Hospitals Deporting Immigrant Patients?

Yesterday, we blogged abut "criminal aliens," one of the most unpopular immigrant groups in the United States.  Another unpopular groups of immigrants are immigrant public benefit recipients.  California's Proposition 187, an invalidated measure that would have barred undocumented immigrants from attending public elementary and secondarty schools (contrary to Supreme Court precedent), and 1996 welfare reform, which eliminated legal immigrants from eligibility from major federal benefit programs, are two prominent recent examples of the unpopularity of immigrant benefit recipients.

The N.Y. Times has a story today about a poor and injured Guatemalan man who a U.S.  HOSPITAL deported to avoid paying for his care.  I am surprised by little when it comes to immigration law and policy in the United States but this surprised me: It appears that many hospitals are repatriating seriously injured or ill immigrants because nursing homes won’t accept them without insurance.

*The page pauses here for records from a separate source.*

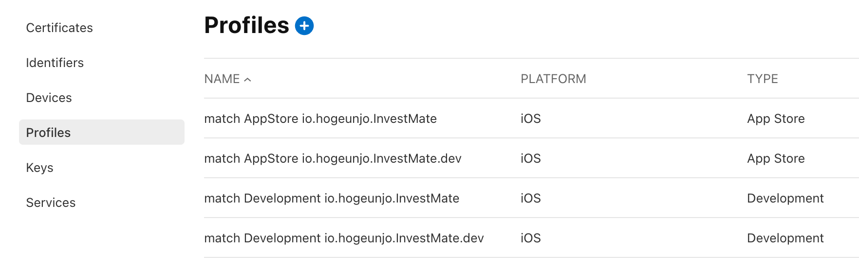GitHub와 Apple Developer 계정 양쪽에서 인증서와 프로비저닝 프로파일이 정상적으로 생성된 것을 확인할 수 있었다.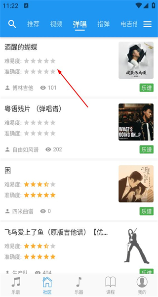 2、进入弹唱分类页面后,查看各吉他谱的难度评级与准确度星级,接着点击指弹标签,即可切换至该分类对应的内容展示页面。
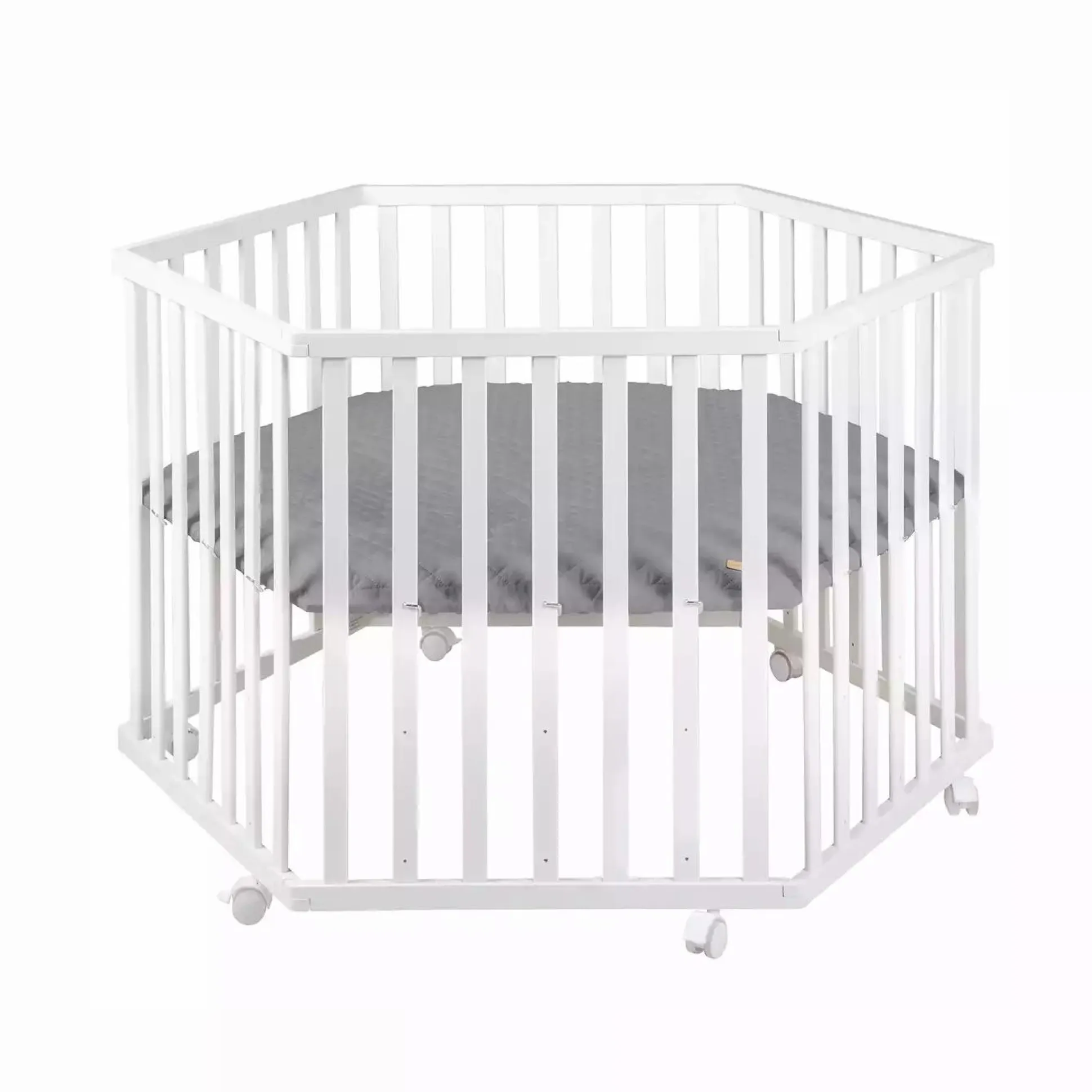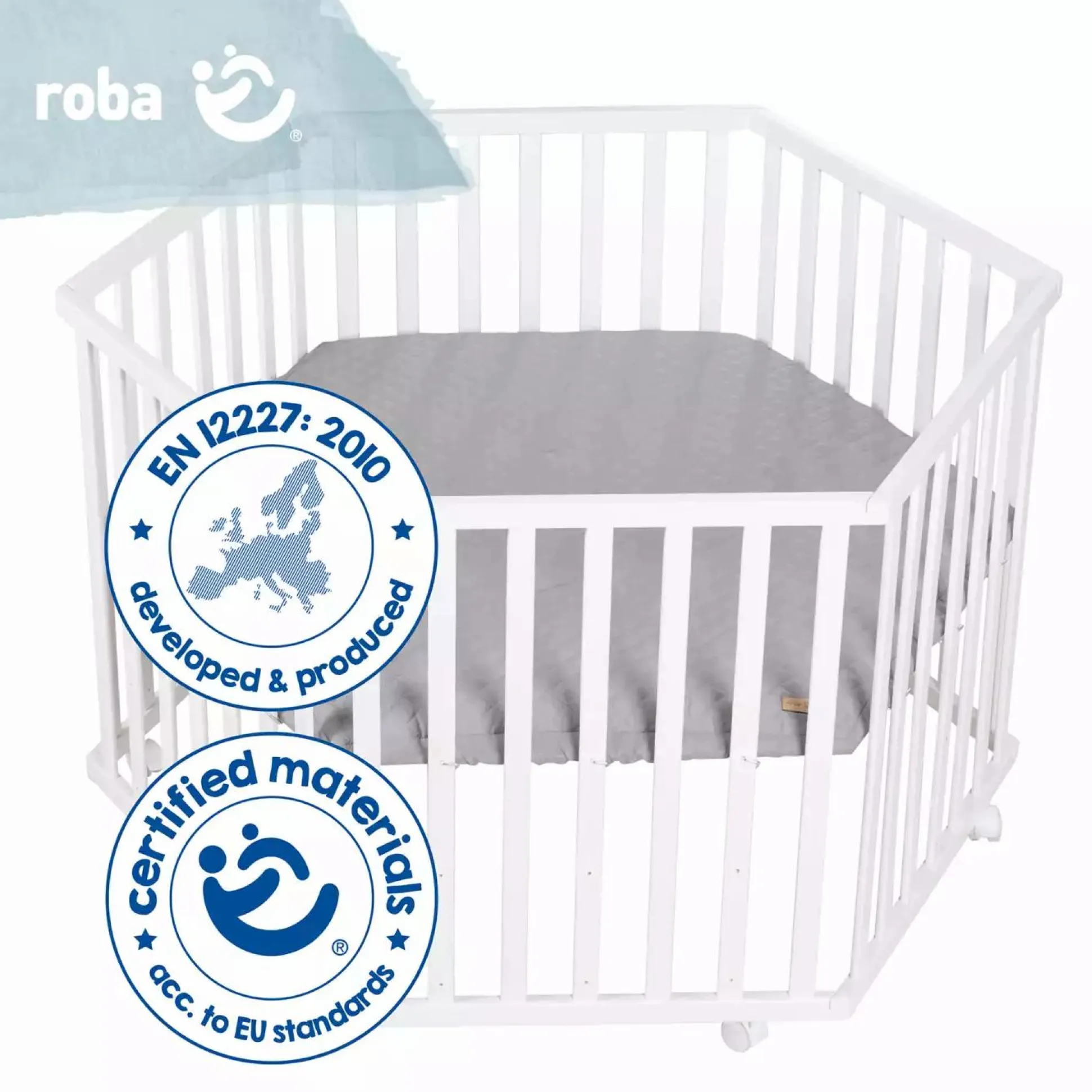 Das schöne 6-eckige Laufgitter „roba Style“ von Roba in der Farbe Weiß bietet deinem Kind eine kindgerechte und stabile Spiel- und Kuschelfläche mit einer weich gepolsterten, gesteppten anthrazitfarbenen Stoffeinlage. Dank der schmutzabweisenden Oberfläche ist die Stoffeinlage besonders pflegeleicht. Die obere Position des 3-fach höhenverstellbaren Bodens ist für dich besonders rückenschonend. Für die nötige Mobilität sowie Standfestigkeit bei dem Laufstall sorgen die sechs Bremsrollen. Alle verwendeten Materialien des Krabbelgitters sind schadstoffgeprüft und zertifiziert. Zusätzlich werden sie regelmäßig während der Herstellung überprüft. Das wurde nach Norm EN 12227:2010 entwickelt. Der Laufstall ist bis zu einem Gewicht von ca. 15 kg belastbar.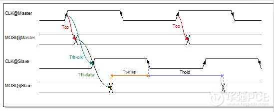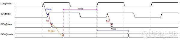 圖3是基于本模型的數(shù)據(jù)讀時(shí)序關(guān)系圖。圖中參數(shù)含義與前述相同。需要注意的是:在讀關(guān)系中,時(shí)鐘首先需要從主控端傳到從端,待從端發(fā)出的數(shù)據(jù)回到主控端后,才能由主控端對(duì)數(shù)據(jù)進(jìn)行采樣。因此,建立和保持時(shí)間的公式如下:

Martin Memorial in Florida, for example, leased an air ambulance for $30,000 and “forcibly returned [a Guatamalan man who had been seriously injured in an automobile accident with a drunken driver] to his home country.”  This poor man reportedly is getting no medical care in Guatalama and is withering away. And the Times reports that this is apparently a "widespread practice":

"Many American hospitals are taking it upon themselves to repatriate seriously injured or ill immigrants because they cannot find nursing homes willing to accept them without insurance. Medicaid does not cover long-term care for illegal immigrants, or for newly arrived legal immigrants, creating a quandary for hospitals, which are obligated by federal regulation to arrange post-hospital care for patients who need it. . . . Most hospitals say that they do not conduct cross-border transfers until patients are medically stable and that they arrange to deliver them into a physician’s care in their homeland. But the hospitals are operating in a void, without governmental assistance or oversight, leaving ample room for legal and ethical transgressions on both sides of the border."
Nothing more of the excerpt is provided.